* **Data extract**:
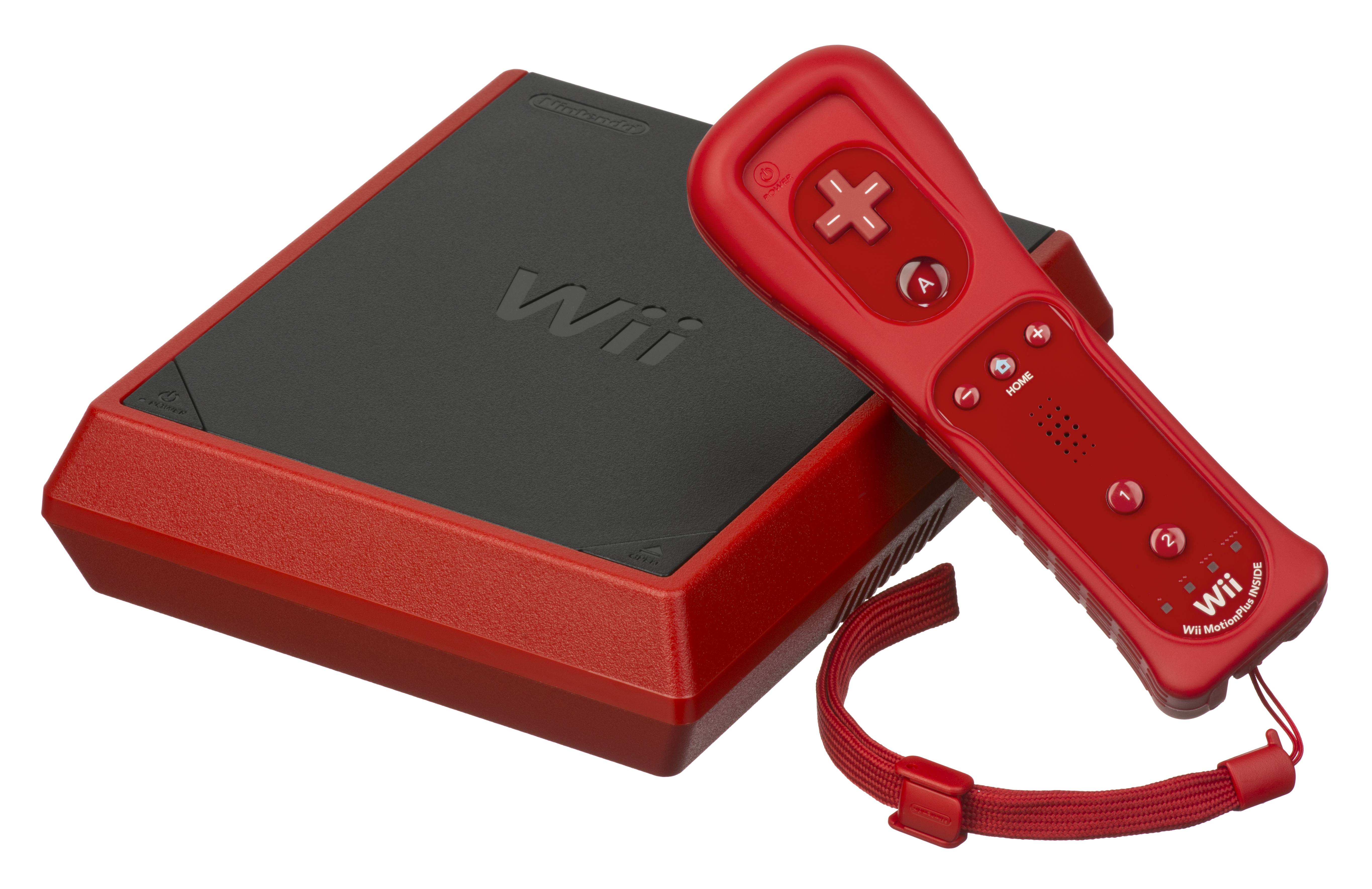 A Wii Mini that is shown with its included Wii remote controller. The Wii Mini is a seventh-generation gaming console manufactured by Nintendo and was first released in Canada in 2012. This is the third revision of the Wii gaming console and was introduced to the market as a cheaper alternative to the still-available second revision. Compared to previous models, this model removes all internet connectivity and ability to display video out with component cables. With no access to the internet, it can not play Virtual Console titles, and therefore can only play games made for the Wii platform. The Wii Mini was first made available in Canada as a test market in 2012, which is notable since it was not even available in Nintendo's home country, Japan. It was later made available in Europe and the United states in 2013. In the United State it retails for $99.99 and comes bundled with the game Mario Kart Wii.
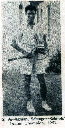 S.A. Azman, Pemain Tenis Kebangsaan, 1954, Maxwell School
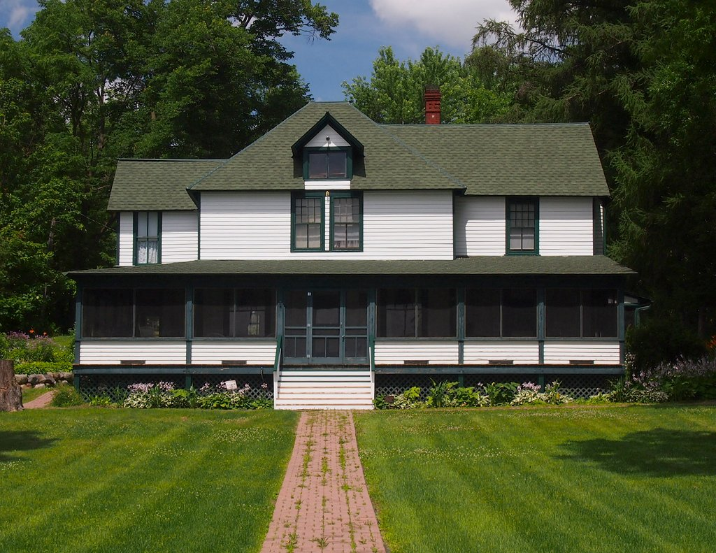 Thompson Summer House, 3012 Shoreline Dr, Minnetonka Beach, Minnesota, USA. One of the oldest surviving summer homes on Lake Minnetonka. Viewed from the south-southeast.

* **The problem**: What should appear is an exact reproduction of the lines from the one with "S.A. Azman, Pemain" through the end of the material above, and no pictures.

* **Answer space**:
 S.A. Azman, Pemain Tenis Kebangsaan, 1954, Maxwell School
 Thompson Summer House, 3012 Shoreline Dr, Minnetonka Beach, Minnesota, USA. One of the oldest surviving summer homes on Lake Minnetonka. Viewed from the south-southeast.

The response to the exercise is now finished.